I really liked this post https://rpubs.com/Jouni_Helske/225931 (mentioned in the issue you pointed out). Following one of the (rather simple) tests, which as you suggested the simple 1:njobs does not pass, I wrote this simple (sort of arbitrary) function:

# A naive seeding function
new_seeds <- function(nseeds) {

  sum_of_seed <- sum(.Random.seed)
  sum_of_seed <- sum_of_seed - (sum_of_seed %/% 100L)*100L
  seeds <- (1L:nseeds) * 10L
  (seeds + sum_of_seed ^ (1L:nseeds %% 2L))[order(stats::runif(nseeds))]

}

# "Test" from https://rpubs.com/Jouni_Helske/225931
last_rand_seq <- list()
random <- function(kind) {
  set.seed(123)
  RNGkind(kind = kind)
  x <- numeric(1e5)
  seeds <- new_seeds(1e5)
  for(i in seq_along(x)){
    set.seed(seeds[i])
    x[i] <- runif(1)
  }

  last_rand_seq <<- c(last_rand_seq, list(x))

  acf(x, main = kind)
}
kinds <- c("Mersenne-Twister", "Marsaglia-Multicarry", "L'Ecuyer-CMRG")

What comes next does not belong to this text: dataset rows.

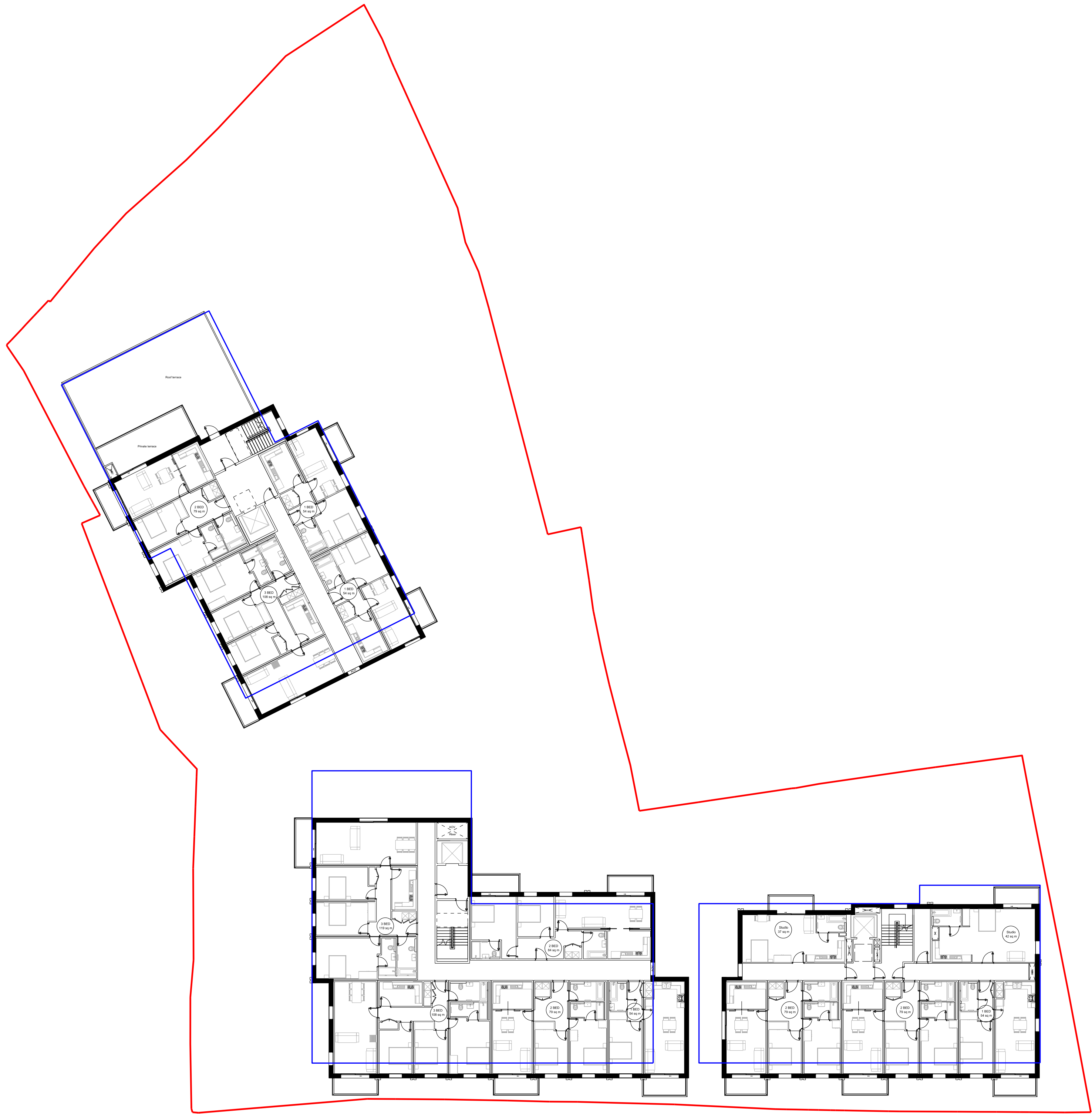
1 Proposed - Fourth Floor Plan Scale: 1 : 200
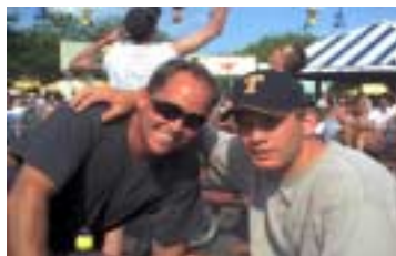
They come for the chicks

While we might have a few beers and do a little flirting while we're at the fest, the real reason we are there is for the music. While last year's line-up was fairly disappointing this year's is fairly decent. Brian Setzer gets promoted from the
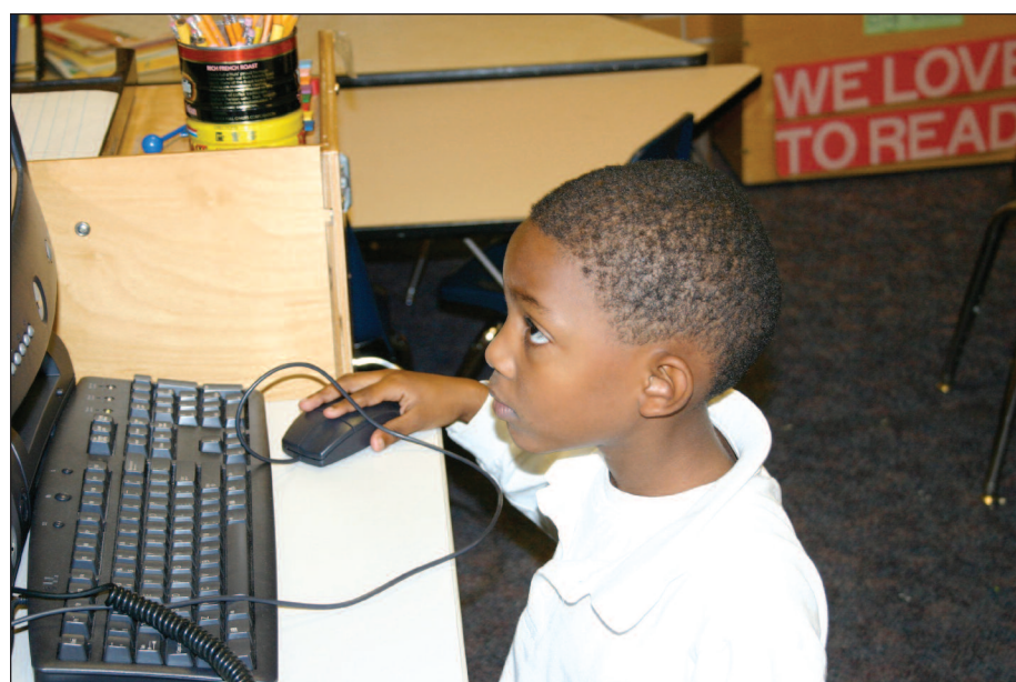
If the Referendum is successful, The District will double the amount currently spent on textbooks, technology, and other learning materials. Years of lean budgets have left schools underfunded and lacking resources.

invisible(sapply(kinds, random)) # Looks nice, no autocorrelation

This function is reproducible, i.e., seeds can be reproduced. Will including this function to generate the random seeds instead of using 1:njobs be enough for JOSS? From what I read in the discussion this is still a problem without a clear solution.

mllg commented 5 years ago

I'm not sure I understand how the function new_seeds() helps to solve the problem

Your seeds are determined by the current RNG state on which you apply some transformations. Wouldn't you get the same quality of randomness with as.integer(runif(nseeds, 1, .Machine$integer.max))?

Either way, I think that the proposed solution (or just calling runif()) would be sufficient for me -- the arguably better solution is the one proposed by @HenrikBengtsson in the linked issue.

Note that there are two special cases which you might also need to address to get the seeding right:

1) .Random.seed is NULL until the RNG is initiated (usually by drawing the first random number). 2) sum(.Random.seed) might overflow.